Market update – year ended 31 March 2022

Provided by Russell Investments 

2021 was a year of post-lockdown recovery which led to strong growth in many economies. According to the World Bank, after contracting sharply in 2020, the global economy rose 5.5% in 2021, driven primarily by the United States where economic growth was the strongest since 1984. For the first half of the year economic recovery was accompanied by strong equity market performance, and solid returns from bonds, however inflation fears, concerns about the China property market and further lockdowns due to the spread of the omicron COVID-19 variant rattled markets towards the end of 2021. The Russian invasion of Ukraine in February 2022 added to concerns, resulting in sharp falls in share and bond prices over the first three months of 2022.

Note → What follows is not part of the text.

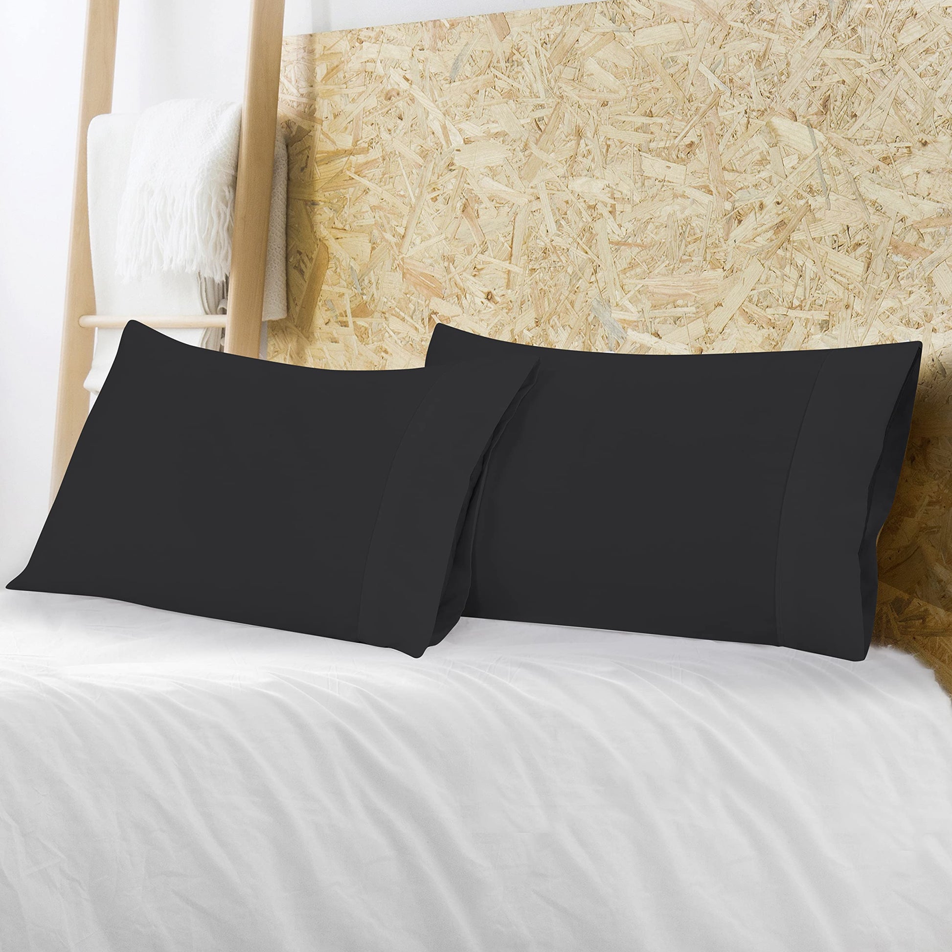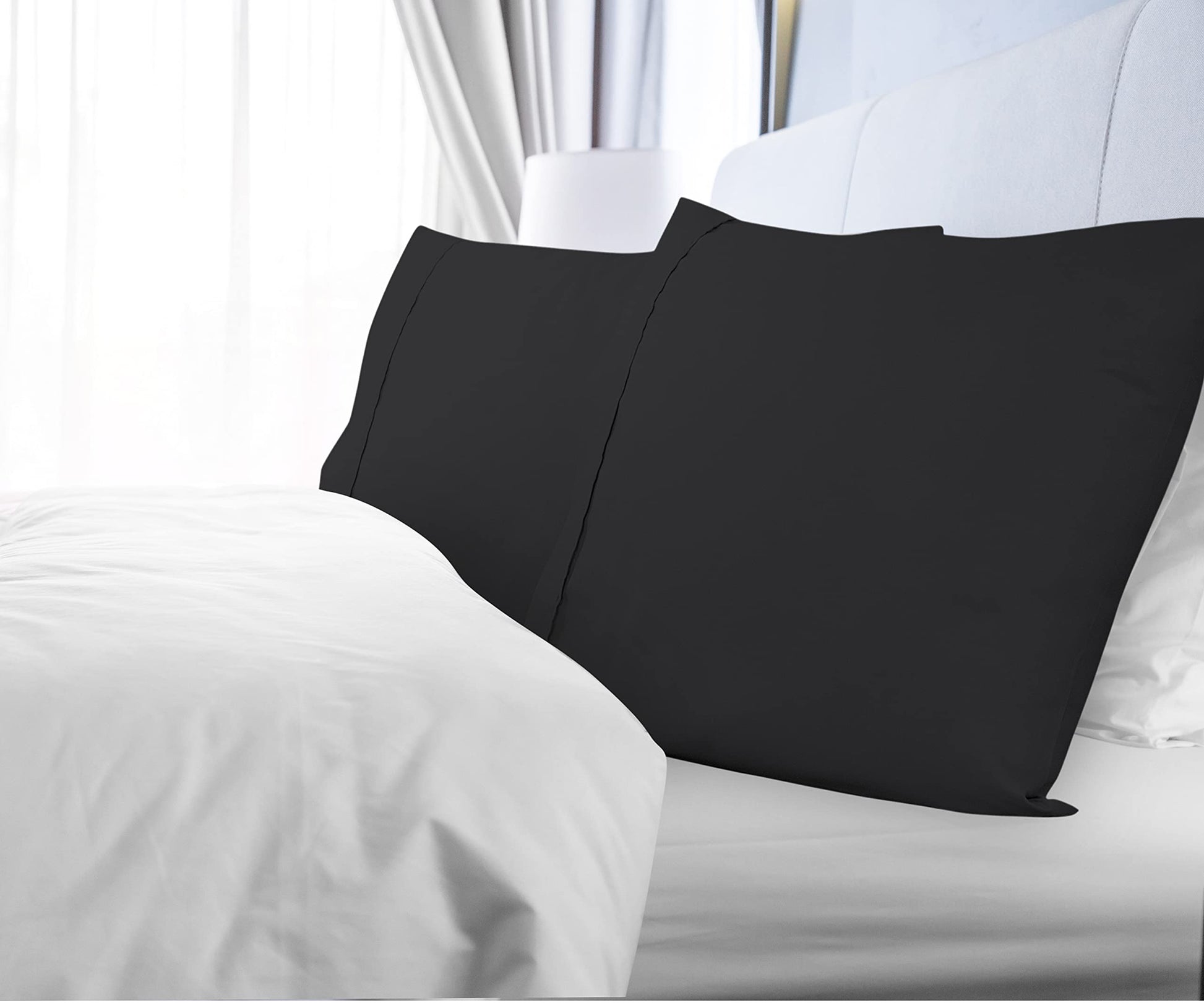 Royale Linens Pillowcase Set of 2 - Bed Pillow Cover - Black Pillowcases - 1800 Brushed Microfiber, Wrinkle & Fade Resistant - Soft & Cozy- Pillow Case ( Black)
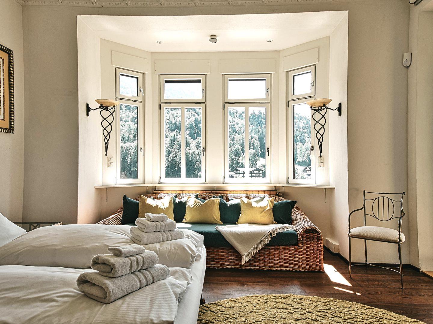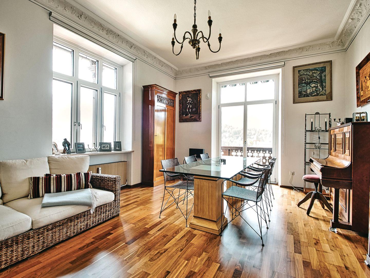 110 m² Bel Étage in einer alpinen Jugendstilvilla von 1899, ruhig erhöht im historischen Hotel- und Villenquartier von Berchtesgaden, geprägt vom königlich-bayerischen Umfeld jener Zeit. Eine Ferienwohnung für Paare, die Raum, Ruhe und Panorama schätzen, dank zweier stilvoller Schlafzimmer aber auch entspannt zu viert. Salzburg, Königssee und Nationalpark sind schnell erreichbar.

The surge in inflation was the main surprise of 2021, driven by disruptions in global supply chains, ultra-accommodative monetary and fiscal policy, combined with very strong consumer demand as economies were reopened. This was exacerbated by surging commodity prices, particularly energy and food, as a result of the war in Ukraine.

The relatively strong performance of global share markets between April and December 2021, was followed by a sharp turnaround in the first quarter of 2022. As a result, we saw a very mixed result for the year to 31 March 2022. Overall, global shares returned around 9% for the year, but while in the US, the UK and Australia, equities managed to deliver strong positive returns, in the emerging markets, in particular China, and in Europe, returns for the year were negative. The New Zealand market was also weak, returning -2.9% for the year.

Fixed interest markets delivered negative returns over the year as bond yields rose (bond prices move in opposite direction to interest rates) in response to the strong economic growth and higher than expected inflation. Partly offsetting this were the asset class’s traditionally defensive characteristics in the wake of Russia’s invasion of Ukraine. New Zealand bonds underperformed global as the Reserve Bank of New Zealand raised the Official Cash Rate four times between October 2021 and April 2022.

The poor performance from fixed interest meant that the Conservative option delivered a negative return for the year. Despite the falls in share prices in the first quarter of 2022, Balanced and Growth members did receive positive returns for the year due to the strong performance from global share markets over the previous three quarters. Members also benefited from their exposure to global listed infrastructure and property which both performed well in the inflationary environment.

After the very strong returns that members received in the 2021 year, this year has provided a reminder that investment markets can be volatile, especially over shorter time periods. With investing, especially investing for retirement, it is important to focus on the long term and not be too alarmed by short term fluctuations which are a normal part of the investment cycle.  

This information has been prepared by Mercer (N.Z.) Limited for general information only. The information does not take into account your personal objectives, financial situation or needs.